In order to solve the problems of poor watermarked image quality and poor watermarked image extraction after JPEG compression, the present disclosure provides a method for watermarking depth image based on mixed frequency-domain channel attention, which combines the end-to-end depth watermark model with frequency-domain channel attention to expand an application range of the depth neural network in the field of image watermark, and designs a new encoder structure with the help of frequency-domain channel attention module, and finally obtains the watermarked image with higher quality and watermark information with better decoding effect.
The technical solution adopted by the present disclosure to solve the technical problem thereof is described in the following content:
A method for watermarking depth image based on mixed frequency-domain channel attention, comprising the following steps of:
Further, step 1 is specifically that the watermark information processor takes the watermark information as an input, diffuses the watermark information to each bit of information through a full connection layer, transforms the diffused watermark information from one-dimensional feature map form to a two-dimensional feature map form, and then generates a watermark information feature map through a diffusion convolution layer and an attention module.
Further, step 2 is specifically that the encoder takes the carrier image and the watermark information feature map as an input, and generates the watermarked image through a ConvBNReLU convolution block, a mixed frequency-domain channel attention module and jump connection.
Furthermore, a mixed frequency-domain channel attention module in the encoder is composed of two branches, wherein one branch is composed of a plurality of SENet attention modules, and the SENet attention modules use a global average pooling layer in a channel compression process, namely, take a lowest frequency component in a two-dimensional discrete cosine transform as a weight allocated to a channel feature; and the other branch is composed of an FCA attention module, wherein the FCA attention module generates 64 frequency-domain components divided according to 8×8 block mode of JPEG compression principle, and selects 16 low-frequency components as compressed weights of the FCA attention module according to a zigzag mode starting from the lowest frequency component; and feature tensors generated by the branch of the FCA attention module and the branch of the SENet attention module are then spliced in a channel dimension, and a ConvBNReLU convolution module is used for feature fusion.
Further, step 4 is specifically that the decoder takes the noise image as and input, and uses the ConvBNReLU convolution module and the SENet attention module to perform down-sampling to recover the watermark information.
Further, a loss function for training the encoder includes LE
L
E1=MSE(ICO,IEN)=MSE(ICO,E(θE,ICO,MEN))
L
E2=log(A(θA,IEN))=log(A(θA,E(θE,ICO,MEN)))
wherein ICO is the carrier image, IEN is the watermarked image, E represents the encoder, θE is a parameter of the encoder E, MEN is the watermark information feature map; A represents a countermeasure discriminator, and θA is a parameter of the countermeasure discriminator A.
Further, a loss function LD for training the decoder is:
L
D=MSE(M,MD)=MSE(M,D(θD,INO))
wherein M is original watermark information, MD is decoded and recovered watermark information, D represents the decoder, θD is a parameter of the decoder D, and INO is the noise image.
Further, a loss function LA for training the countermeasure discriminator is:
L
A=log(1−A(θA,E(θE,ICO,MEN)+log(A(θA,ICO))
wherein A represents the confrontation discriminator, θA is a parameter of the confrontation discriminator A, E represents the encoder, θE is a parameter of the encoder E, ICO is the carrier image, and MEN is the watermark information.
The technical solution adopted by the present disclosure has advantages compared with the prior art.
The channel attention is introduced to extract the feature of the carrier image, a plurality of frequency-domain components in the channel are used to reduce the amount of lost information in the encoding process, and 16 low-frequency components are independently selected as the weighting parameters of the channel attention, which is more robust to JPEG compression than the middle-frequency and high-frequency components.
A structure of two branches is designed.
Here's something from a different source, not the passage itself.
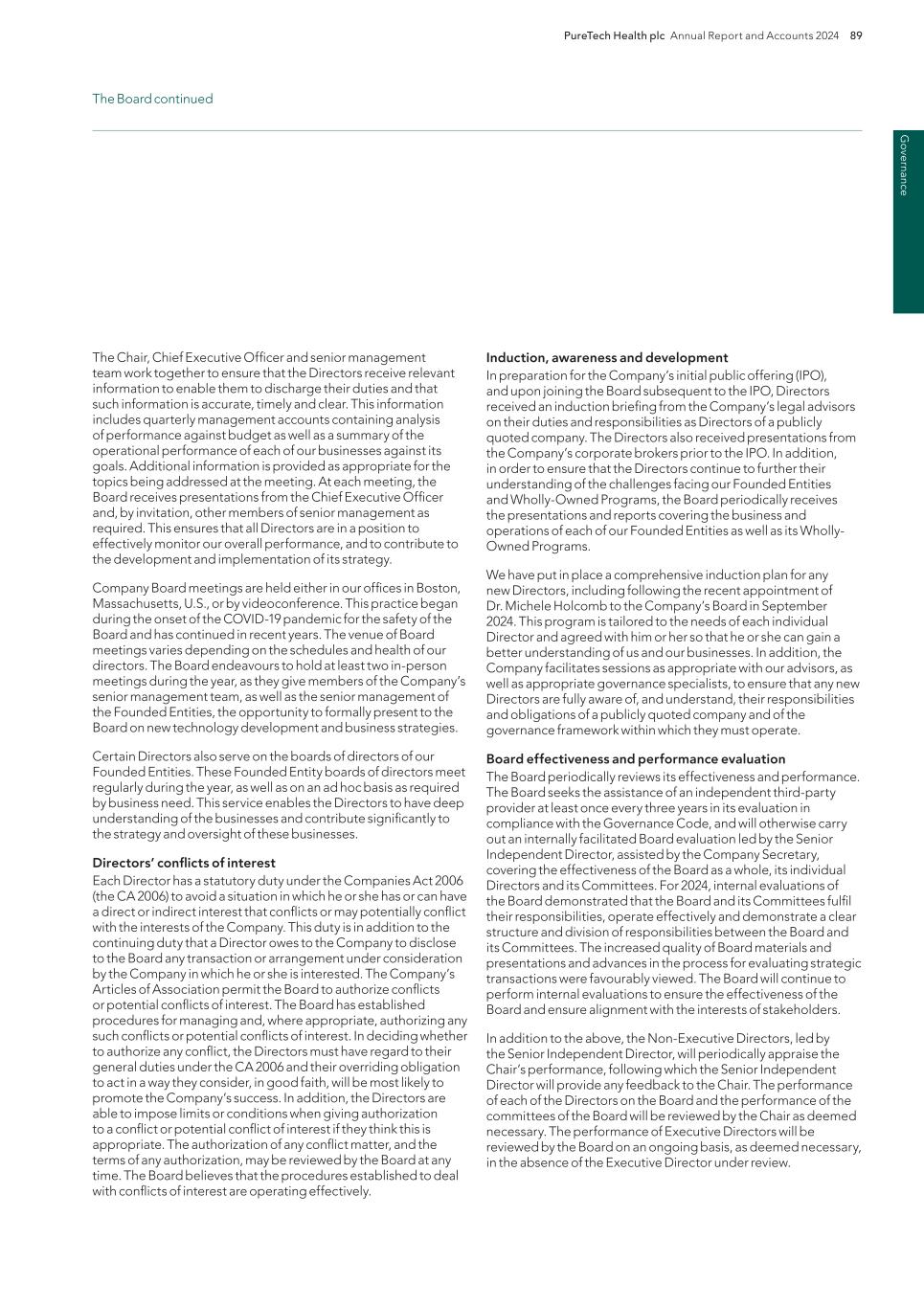 PureTech Health plc Annual Report and Accounts 2024  89 G overnance The Board continued Induction, awareness and development In preparation for the Company’s initial public offering (IPO),  and upon joining the Board subsequent to the IPO, Directors  received an induction briefing from the Company’s legal advisors  on their duties and responsibilities as Directors of a publicly  quoted company. The Directors also received presentations from  the Company’s corporate brokers prior to the IPO. In addition,  in order to ensure that the Directors continue to further their  understanding of the challenges facing our Founded Entities  and Wholly-Owned Programs, the Board periodically receives  the presentations and reports covering the business and  operations of each of our Founded Entities as well as its Wholly- Owned Programs. We have put in place a comprehensive induction plan for any  new Directors, including following the recent appointment of  Dr. Michele Holcomb to the Company’s Board in September  2024. This program is tailored to the needs of each individual  Director and agreed with him or her so that he or she can gain a  better understanding of us and our businesses. In addition, the  Company facilitates sessions as appropriate with our advisors, as  well as appropriate governance specialists, to ensure that any new  Directors are fully aware of, and understand, their responsibilities  and obligations of a publicly quoted company and of the  governance framework within which they must operate.  Board effectiveness and performance evaluation The Board periodically reviews its effectiveness and performance.  The Board seeks the assistance of an independent third-party  provider at least once every three years in its evaluation in  compliance with the Governance Code, and will otherwise carry  out an internally facilitated Board evaluation led by the Senior  Independent Director, assisted by the Company Secretary,  covering the effectiveness of the Board as a whole, its individual  Directors and its Committees. For 2024, internal evaluations of  the Board demonstrated that the Board and its Committees fulfil  their responsibilities, operate effectively and demonstrate a clear  structure and division of responsibilities between the Board and  its Committees. The increased quality of Board materials and  presentations and advances in the process for evaluating strategic  transactions were favourably viewed. The Board will continue to  perform internal evaluations to ensure the effectiveness of the  Board and ensure alignment with the interests of stakeholders. In addition to the above, the Non-Executive Directors, led by  the Senior Independent Director, will periodically appraise the  Chair’s performance, following which the Senior Independent  Director will provide any feedback to the Chair. The performance  of each of the Directors on the Board and the performance of the  committees of the Board will be reviewed by the Chair as deemed  necessary. The performance of Executive Directors will be  reviewed by the Board on an ongoing basis, as deemed necessary,  in the absence of the Executive Director under review. The Chair, Chief Executive Officer and senior management  team work together to ensure that the Directors receive relevant  information to enable them to discharge their duties and that  such information is accurate, timely and clear. This information  includes quarterly management accounts containing analysis  of performance against budget as well as a summary of the  operational performance of each of our businesses against its  goals. Additional information is provided as appropriate for the  topics being addressed at the meeting. At each meeting, the  Board receives presentations from the Chief Executive Officer  and, by invitation, other members of senior management as  required. This ensures that all Directors are in a position to  effectively monitor our overall performance, and to contribute to  the development and implementation of its strategy. Company Board meetings are held either in our offices in Boston,  Massachusetts, U.S., or by videoconference. This practice began  during the onset of the COVID-19 pandemic for the safety of the  Board and has continued in recent years. The venue of Board  meetings varies depending on the schedules and health of our  directors. The Board endeavours to hold at least two in-person  meetings during the year, as they give members of the Company’s  senior management team, as well as the senior management of  the Founded Entities, the opportunity to formally present to the  Board on new technology development and business strategies.  Certain Directors also serve on the boards of directors of our  Founded Entities. These Founded Entity boards of directors meet  regularly during the year, as well as on an ad hoc basis as required  by business need. This service enables the Directors to have deep  understanding of the businesses and contribute significantly to  the strategy and oversight of these businesses. Directors’ conflicts of interest Each Director has a statutory duty under the Companies Act 2006  (the CA 2006) to avoid a situation in which he or she has or can have  a direct or indirect interest that conflicts or may potentially conflict  with the interests of the Company. This duty is in addition to the  continuing duty that a Director owes to the Company to disclose  to the Board any transaction or arrangement under consideration  by the Company in which he or she is interested. The Company’s  Articles of Association permit the Board to authorize conflicts  or potential conflicts of interest. The Board has established  procedures for managing and, where appropriate, authorizing any  such conflicts or potential conflicts of interest. In deciding whether  to authorize any conflict, the Directors must have regard to their  general duties under the CA 2006 and their overriding obligation  to act in a way they con

The two branches use different attentions to learn the feature map. The feature maps generated by the two branches are spliced in the channel dimension and then fused by the convolution layer so that the quality of the generated watermarked image is greatly improved.
The technical solution of the present disclosure will now be described more clearly and fully hereinafter with reference to the accompanying drawings, in which embodiments of the disclosure are shown. It is to be understood that the embodiments described are only a few, but not all embodiments of the disclosure. Based on the embodiments of the present disclosure, all other embodiments obtained by a person of ordinary skill in the art without inventive effort fall within the scope of the present disclosure.
The foregoing content is described in detail in the following text.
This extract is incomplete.